One simple exercise to do is the vacuum. You can do it anywhere and at any time. When you first start, you may need to bend over, putting your hands on your knees. Blow out all the air in your lungs and suck in your stomach as hard as you can. Hold your stomach tight as you stand up. The more you do it, the easier it is to pull in your stomach and the flatter you can get it. You’ll also be able to hold it longer. It’s an isometric exercise that builds muscle strength and flattens your stomach without any sweating.

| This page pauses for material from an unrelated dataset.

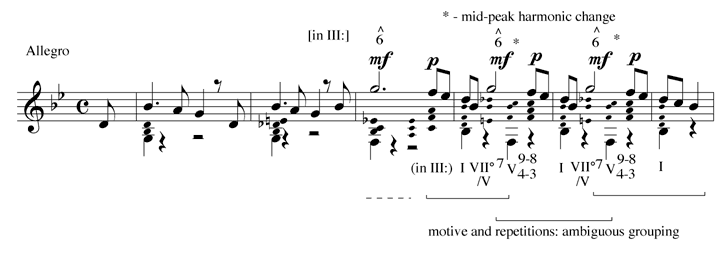 Example 17. Mozart, String Quintet K. 516, 1st movement, mm. 34-39, annotated outer voices [GIF format] | Change to DjVu |

Core muscles are all the abdominal muscles and mid-section back muscles. They’re the ones that keep you standing erect, while also flattening your stomach. A plank may mimic the upward position of a push-up, but there are many variations. Like a push-up, beginners can start in a knee-bent position but with the forearms on the floor. Beginners can also use a straight-arm plank with the palms of their hands on the floor. More advanced planks lift the lower body off the floor with only the toes and the forearms or hands touching. It’s a lift-and-hold exercise.
If you can’t do a hanging knee raise now, don’t worry. Our trainers can help build your strength with modifications to build toward a successful set. You can even take success a step further by increasing difficulty by doing straight-leg toes-to-bar modifications. The key is using ab muscles to lift your knees or legs. Don’t try to do it by swinging your legs and using momentum to lift your legs high.